Sal - Compreendo porque te sentes vaidosa, mas não me disseste o que fazes; em que trabalhas? Sou escritora. Escrevo livros em prosa e poesia e tenho muito sucesso entre os pimentoides da galáxia dos espirros. O meu psedónimo é Piper Nigrum. É originário do Latim, da palavra pigmentum que significa pigmento, da família do verbo pingere, que significa “pintar”. A palavra pigmentum era utilizada para definir componentes ou substâncias com propriedades corantes. Sal - Curioso! Mas afinal, em que trabalhas? Pimentinha - No início, usava os corantes; era pintora. O meu lema era “Pinto, logo Existo”, depois, sobreveio a paixão pela escrita e, a partir daí , “Escrevo, logo Existo”! Sal- Eu condimento aquilo que tu apimentas. Agora entendo porque nos puseram lado a lado. Damos sabor à vida!


Então, ele baixou a cabeça, tirou do bolso uma caixinha ínfima de onde saiu um anel de cristais de sal, incrustado com dois magníficos íons, hidrófanos, translúcidos, como tudo era naquele reino diáfano de fantasia e, timidamente, perguntou-me: Sal - Pimentinha, queres ser a minha Pimenta do Reino? A minha Pimenta do Vale? Aceitas apimentar o meu cloreto de sódio, fluoretado e iodado, oriundo das mais cristalinas salinas, puro, sem ter sido refinado? Pimentinha - Meu Sal Marinho, não refinado, meu querido Cloreto de Sódio Iodado, adoro a tua alcalinidade e tudo o que nela há, pois os teus sais neutros não alteram o meu pH. Adoro todos os ácidos em ti: dos acetatos, o acético; dos carbonatos o carbónico; dos cloretos, o clorídrico; dos cianetos, o cianídrico; dos sulfetos, o sulfídrico; dos nitratos o nítrico; dos nitritos o nitroso; dos fosfatos, o fosfórico; dos sulfatos, o sulfúrico e dos citratos, o cítrico.

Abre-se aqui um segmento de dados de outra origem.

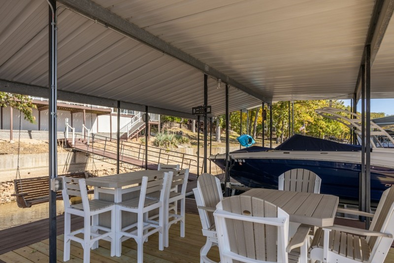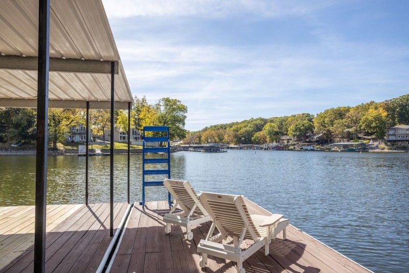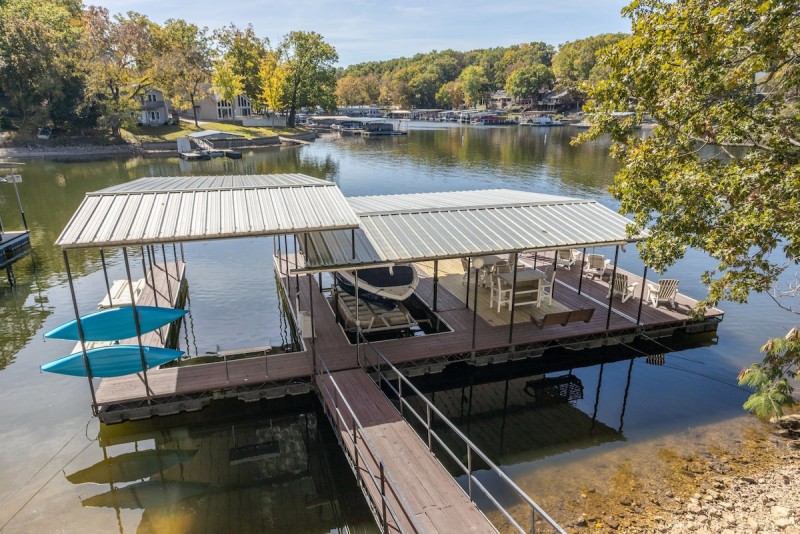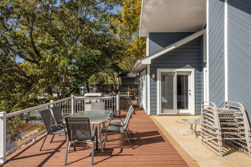 The living room opens up to the large deck area, featuring a 6-top table and a brand new griddle style BBQ grill. Bring your boat and/or PWCs beacuse this home comes with a private dock featuring a 12x32 boat slip and 2 PWC slips. You'll also be able to enjoy a large swim platform featuring wet steps, and 2 kayaks are available for your use. There's plenty of seating, at a 4-top table under the shade of dock or in the loungers for soaking up some sun!
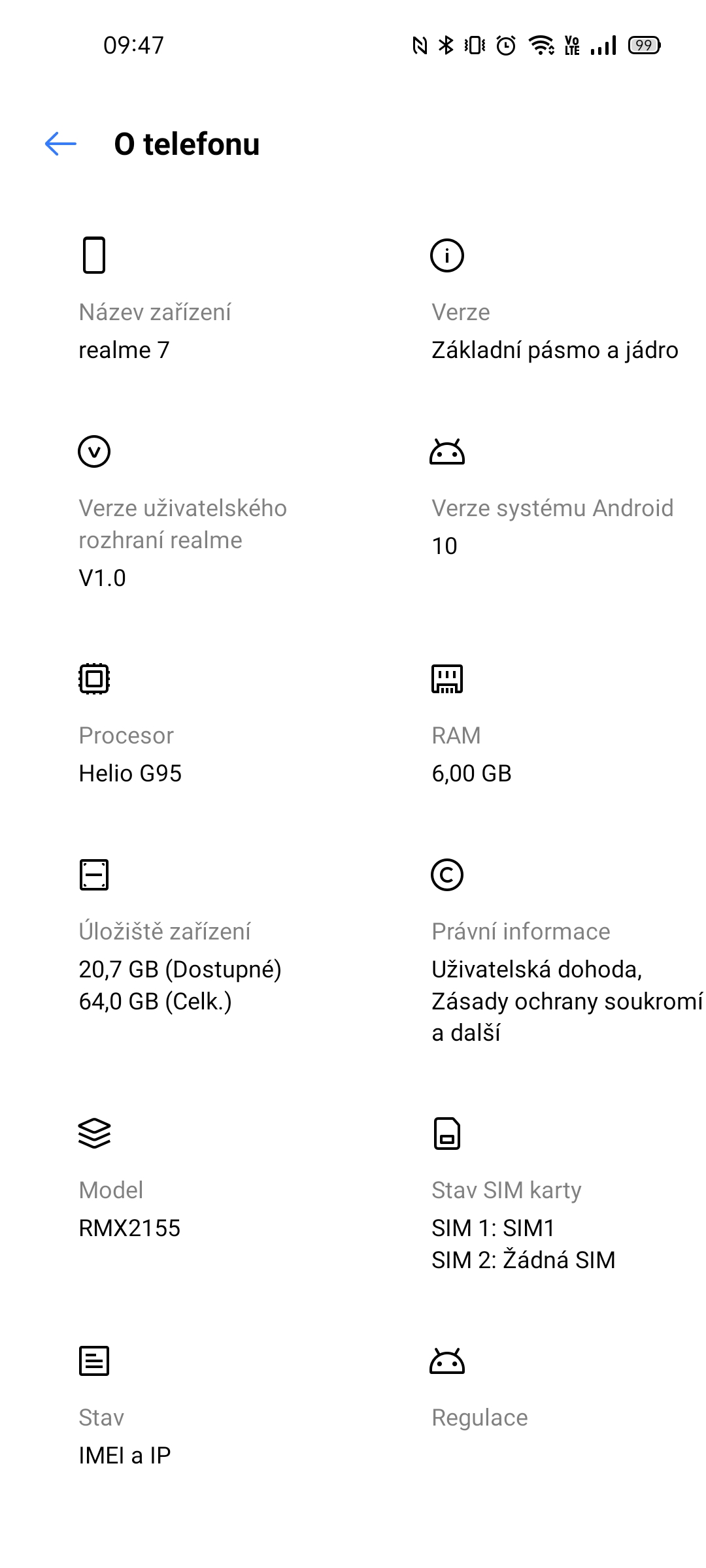Telefon Realme 7 je k dispozici ve třech barevných variantách a to testované modré a bílé. Aktuálně je pak skladem pouze paměťová varianta 6/64 GB.

Sal- Quer, então, dizer que aceitas apimentar a minha vida; dar calor ao meu gótico reino gélido? Aceitas ser a minha Pimenta do Reino, Minha Flor de Sal? Outra lágrima correu-me, rosto abaixo. Belisquei-me, para ver se era verdade. O amor que, debalde, procurara estava ali, ao meu lado, onde sempre estivera. Às vezes precisamos de olhar com olhos de pensar, para descobrir a felicidade que não queremos ver. Esta lágrima foi um paraíso que me levou a descobrir este outro, onde agora vivo. Sal - Brindemos com um chá de menta. Pimentinha - E duas pedrinhas de sal. Agora, sim, sou feliz e escrevo “Paraísos de Cristais de Sal”.